# I give up



## 4wahoo850 (Jul 16, 2012)

Ive been to fort pickens 10 times and produced not 1 fish. I think Im over wading in this cold, windy north wind with no fish to show for. Dont know what to do now.... anybody else having the same problem?? Ive put over 50 hours on the water and I have only seen 2 fish total!!


----------



## TRG (Jun 30, 2012)

yep, I went about 8 nights in a row all night long and got 4 flounder. Guess its just bad luck or bad timing. I'm done for this year too. Worst year for me in almost 30 years, terrible.
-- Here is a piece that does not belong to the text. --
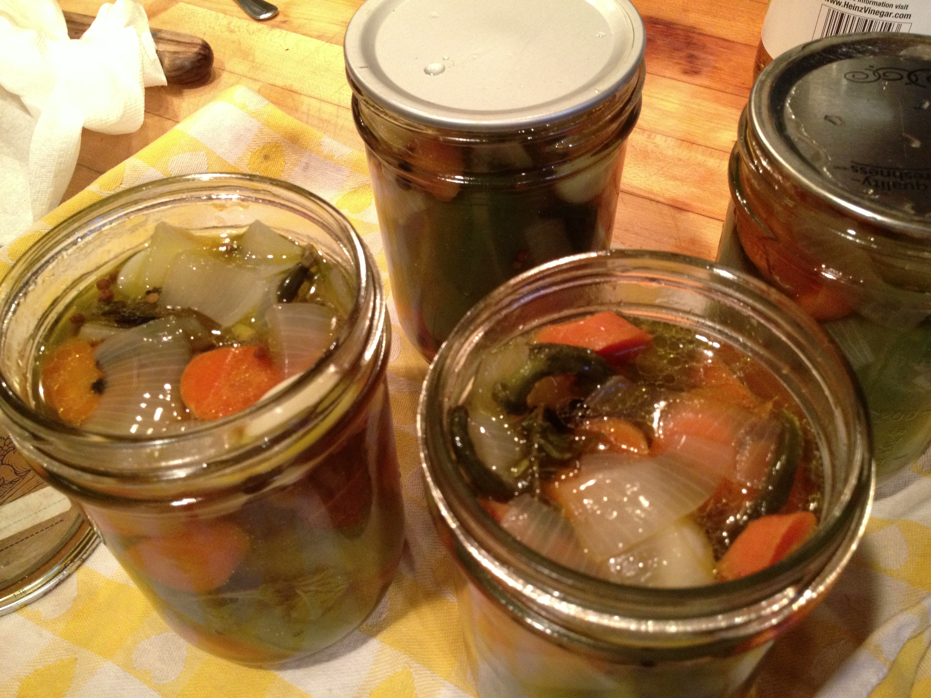 Pack the jalepeños and vegetables into the jars. I usually put 4 large peppers and about a quarter of the vegetables into each jar along with a sprig of the herbs. Cover completely with the brine, leaving ¼ inch headroom. Wipe the rims of the jars, cover and seal with the bands.

So don't feel lonely.


----------



## knot @ Work (Apr 18, 2012)

I thought it was just me.

:thumbdown::no::thumbdown:


----------



## fishn4fun (May 11, 2008)

I've been having the same luck just seeing small fish with one decent one here and there


----------



## F|nz (Sep 16, 2008)

Don't give up....they will show again. Many still hav'nt made it near the passes...I got 5 lastnite in north chatahatchee bay.


----------



## MerkDeez (Nov 20, 2011)

Pay for a charter and learn from the pros


----------



## recess (Oct 8, 2007)

Dont know about the gigging part of it but for our hook and line fishing has been awesome this year in the pass{pensacola that is}this was a great run for us in deeper water . But has died off a bunch over the last week.We are still catching flounders just a ton of shorts. When the run was strong we were averaging 60-75 fish for a half a day but today and yesterday maybe 20-30 with only 4 out of 25 fish today being over 14" today. All i can say is maybe they are staying deeper around the passes or just time to try some new spots.


----------